Saturday, April 22, 2006

City of Dreams

What do I have to offer?

http://www.nytimes.com/specials/chinarises/intro/index.html

What are people's dreams?

Sex and the City

Why does a person still sleep with someone she knows she can't marry? Is it an addiction too hard to shake? Is it a hope that the person will magically become marriageable material? Is it an inability to be alone for a day? Maybe addiction causes denial of character flaws and blindness to bad treatment.

Of all the choices. Seeing this, rather than be with someone non-marriageable, I'd rather, in descending order:

Be with someone marriageable who loves me.
Not be with someone marriageable who loves me.
Not be with someone non-marriageable who does not love me.

Or, just be. Single. No ranking in the descending order of being.

It's better to not be able to be with someone you love, than to be with someone who sucks. Maybe it's just the sight of middle-aged little boys that annoys me.

Note that to be "non-marriageable", a person must have major character flaws, causing anyone who cares about the person involved to be unable to allow the person to marry him or her.

Monday, April 17, 2006

Easter

For how long do people pass in and out of your life. The newspaper just reminded me that yesterday was Easter Sunday. It's been ten years since freshman year when our frosh dormmate passed away on Easter Sunday. This always makes me think of the passage of time.

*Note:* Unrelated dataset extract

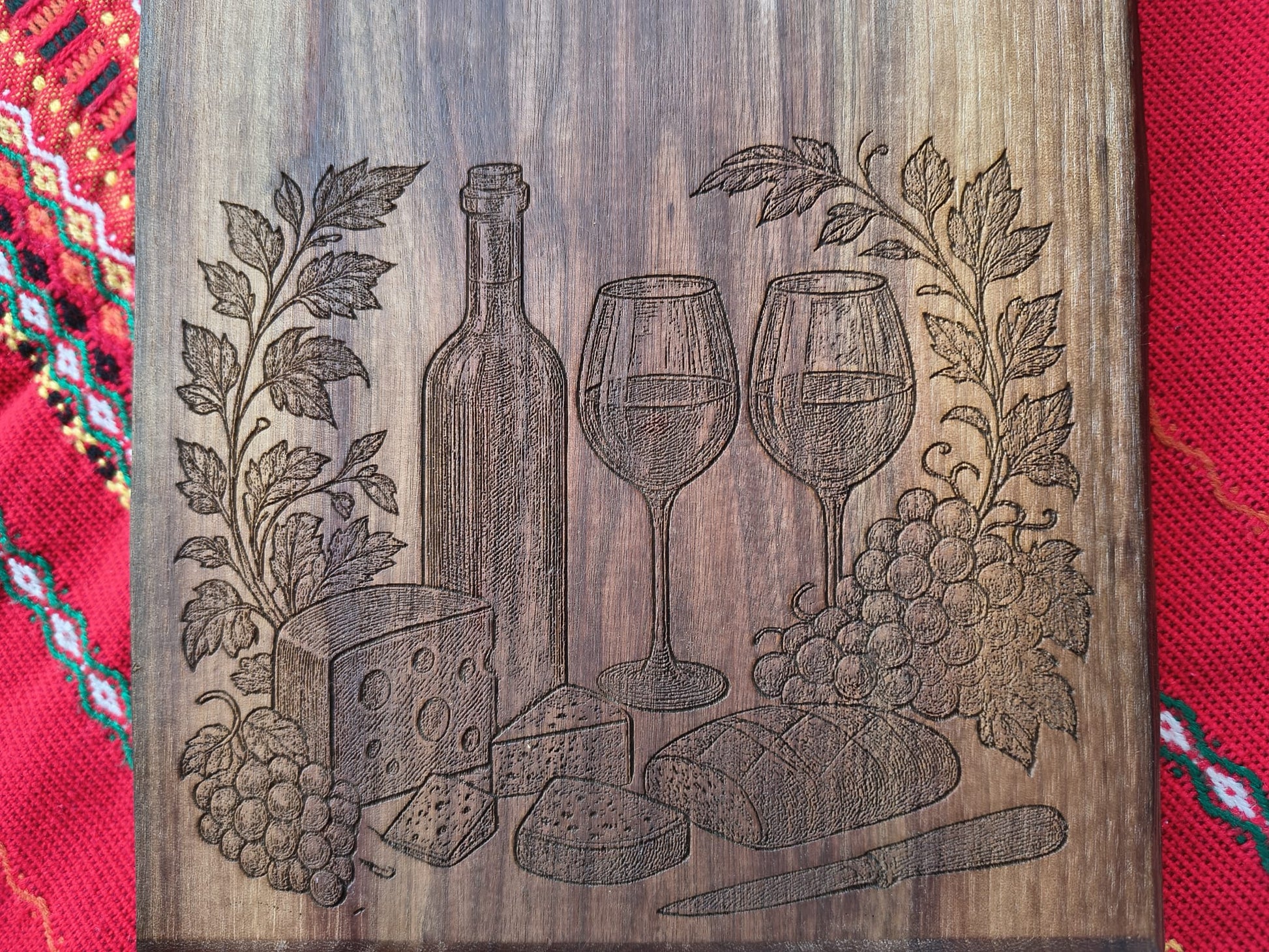 This exquisite board is made from premium solid walnut – a wood celebrated for its strength, rich color, and unique grain patterns. The surface is decorated with an artistic engraving of a wine bottle, two elegant glasses, cheese, grapes, and bread – timeless symbols of coziness, flavor, and cherished moments.

How many people from college days are still in my life today? How many people from today will still be in my life at some point later?

Saturday, April 15, 2006

Blues

I just watched the first six episodes of Sex in the City.

A man's intelligence really is inversely proportional to the size of his hands. Granted there's some genetics involved, I don't think it's actually because of the amount of manual labor one does, but of how one does it. Ie. intelligently or in a brute way that makes one's hands humongous.

I went blues dancing last Friday. The afterthought was disappointing. The more I thought about it the less it seemed to be blues dancing. It was entirely different from the real blues lesson I had down in Sunnyvale. The clincher that "blues dancing is anything you want it to be" by the love-fest woman. Is that what she says of tango too? If anything were anything one wanted it to be, why would it even have a name, specifically... blues? Do you really experience freedom?

Not all people need to dance ultra close to complete strangers and dance blues "because they want to be close to someone." Do you really experience closeness? Frankly, that's sad. It's fake. And that's it, it felt like an evening of fake blues. Dance close to someone you know and love. Or dance to make a beautiful dance.